# DATA FOR PROCESSING
┌──
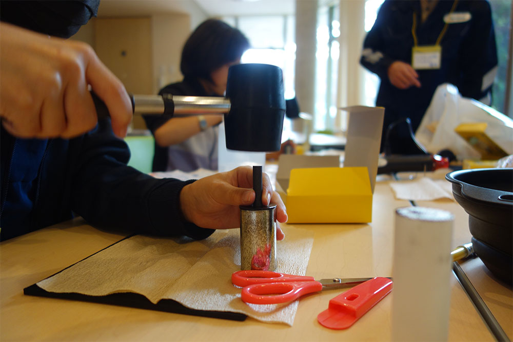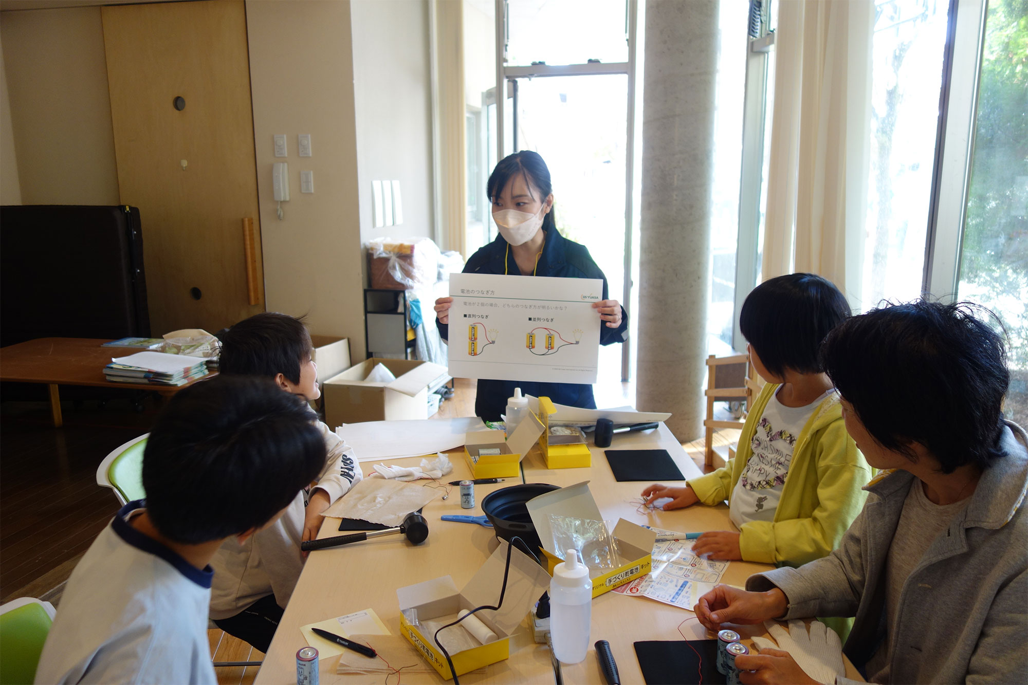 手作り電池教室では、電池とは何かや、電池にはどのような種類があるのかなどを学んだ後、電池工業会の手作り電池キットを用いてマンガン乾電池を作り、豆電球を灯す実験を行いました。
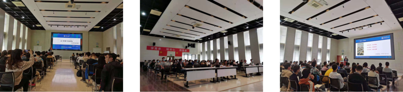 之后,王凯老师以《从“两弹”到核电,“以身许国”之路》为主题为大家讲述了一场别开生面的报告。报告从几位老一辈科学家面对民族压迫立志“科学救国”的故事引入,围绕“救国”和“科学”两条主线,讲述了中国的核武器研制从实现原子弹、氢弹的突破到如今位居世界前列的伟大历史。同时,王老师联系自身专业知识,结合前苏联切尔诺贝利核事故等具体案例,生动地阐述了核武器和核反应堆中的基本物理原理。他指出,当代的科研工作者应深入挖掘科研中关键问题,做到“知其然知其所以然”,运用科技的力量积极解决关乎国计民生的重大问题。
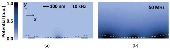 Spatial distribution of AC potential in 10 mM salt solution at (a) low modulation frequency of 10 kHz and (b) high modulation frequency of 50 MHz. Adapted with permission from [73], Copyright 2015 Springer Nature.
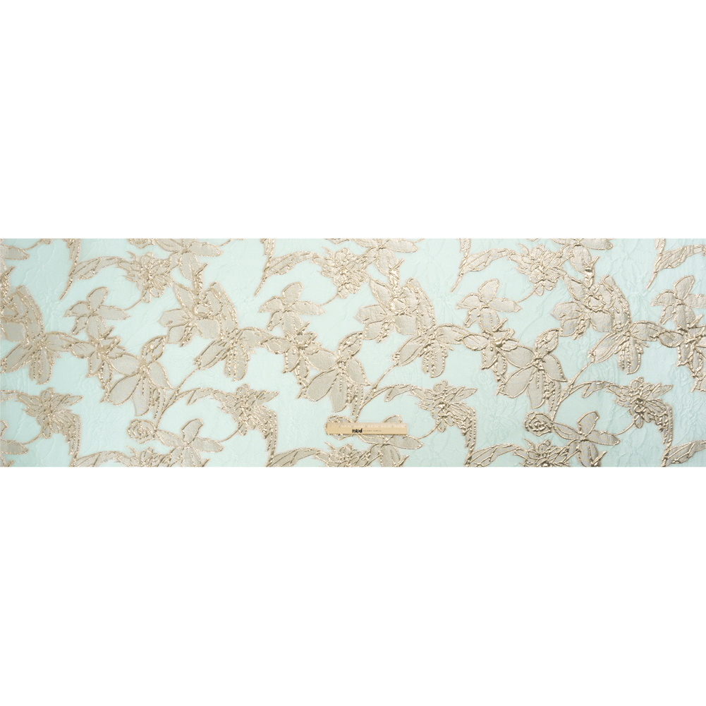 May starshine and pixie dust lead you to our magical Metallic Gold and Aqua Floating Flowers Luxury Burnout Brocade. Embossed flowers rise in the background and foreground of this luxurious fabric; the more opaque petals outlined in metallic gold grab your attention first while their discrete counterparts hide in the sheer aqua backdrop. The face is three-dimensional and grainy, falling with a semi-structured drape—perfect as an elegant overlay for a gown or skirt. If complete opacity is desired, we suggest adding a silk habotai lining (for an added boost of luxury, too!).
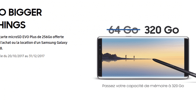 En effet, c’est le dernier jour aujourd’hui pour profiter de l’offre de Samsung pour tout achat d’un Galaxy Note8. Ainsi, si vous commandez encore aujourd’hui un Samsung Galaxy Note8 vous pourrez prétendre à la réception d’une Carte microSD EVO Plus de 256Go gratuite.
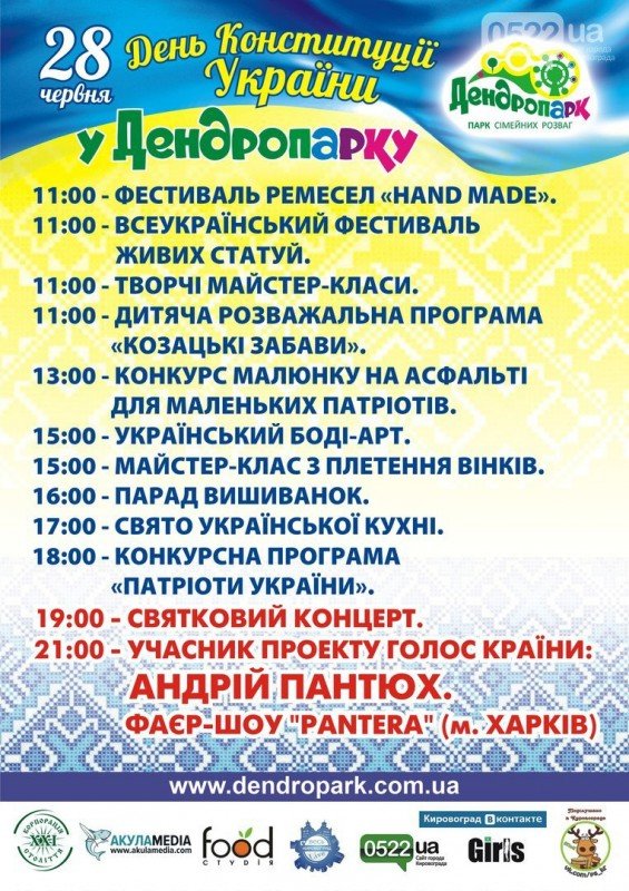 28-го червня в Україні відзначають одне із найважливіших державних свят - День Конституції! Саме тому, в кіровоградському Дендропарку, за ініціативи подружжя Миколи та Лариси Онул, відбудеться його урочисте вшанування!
└──
┌──
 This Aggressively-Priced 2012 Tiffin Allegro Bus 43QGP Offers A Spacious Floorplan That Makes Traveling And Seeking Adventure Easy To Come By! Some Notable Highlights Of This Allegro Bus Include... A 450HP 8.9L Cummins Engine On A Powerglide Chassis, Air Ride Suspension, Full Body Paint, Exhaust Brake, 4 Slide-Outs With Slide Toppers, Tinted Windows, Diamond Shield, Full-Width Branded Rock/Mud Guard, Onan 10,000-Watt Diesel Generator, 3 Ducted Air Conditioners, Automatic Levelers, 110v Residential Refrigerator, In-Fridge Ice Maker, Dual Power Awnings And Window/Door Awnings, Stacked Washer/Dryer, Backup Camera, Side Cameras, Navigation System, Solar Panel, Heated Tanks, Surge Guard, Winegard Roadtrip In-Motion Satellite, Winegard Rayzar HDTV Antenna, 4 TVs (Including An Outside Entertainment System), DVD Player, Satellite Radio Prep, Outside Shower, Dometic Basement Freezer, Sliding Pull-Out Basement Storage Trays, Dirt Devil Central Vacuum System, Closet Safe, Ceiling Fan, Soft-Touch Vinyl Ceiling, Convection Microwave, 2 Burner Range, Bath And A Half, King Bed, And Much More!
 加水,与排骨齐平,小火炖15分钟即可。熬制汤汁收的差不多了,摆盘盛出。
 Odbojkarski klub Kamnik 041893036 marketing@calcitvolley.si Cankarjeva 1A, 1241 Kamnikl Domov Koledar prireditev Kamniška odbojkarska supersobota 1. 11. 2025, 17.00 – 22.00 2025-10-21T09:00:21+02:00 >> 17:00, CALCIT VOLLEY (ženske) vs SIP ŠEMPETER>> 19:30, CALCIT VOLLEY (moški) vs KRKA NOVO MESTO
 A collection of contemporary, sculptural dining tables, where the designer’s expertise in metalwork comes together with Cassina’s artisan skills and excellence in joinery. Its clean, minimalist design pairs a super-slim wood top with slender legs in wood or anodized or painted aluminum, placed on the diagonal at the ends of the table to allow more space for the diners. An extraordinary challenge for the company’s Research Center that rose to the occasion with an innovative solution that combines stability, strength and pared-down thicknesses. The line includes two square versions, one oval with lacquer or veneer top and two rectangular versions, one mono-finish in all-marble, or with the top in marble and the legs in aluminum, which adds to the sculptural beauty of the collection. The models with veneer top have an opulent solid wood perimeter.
└──
Retype, exactly and with no pictures, everything above from the line with "En effet, c’est" down to the line with "28-го червня в", both included.

 En effet, c’est le dernier jour aujourd’hui pour profiter de l’offre de Samsung pour tout achat d’un Galaxy Note8. Ainsi, si vous commandez encore aujourd’hui un Samsung Galaxy Note8 vous pourrez prétendre à la réception d’une Carte microSD EVO Plus de 256Go gratuite.
 28-го червня в Україні відзначають одне із найважливіших державних свят - День Конституції! Саме тому, в кіровоградському Дендропарку, за ініціативи подружжя Миколи та Лариси Онул, відбудеться його урочисте вшанування!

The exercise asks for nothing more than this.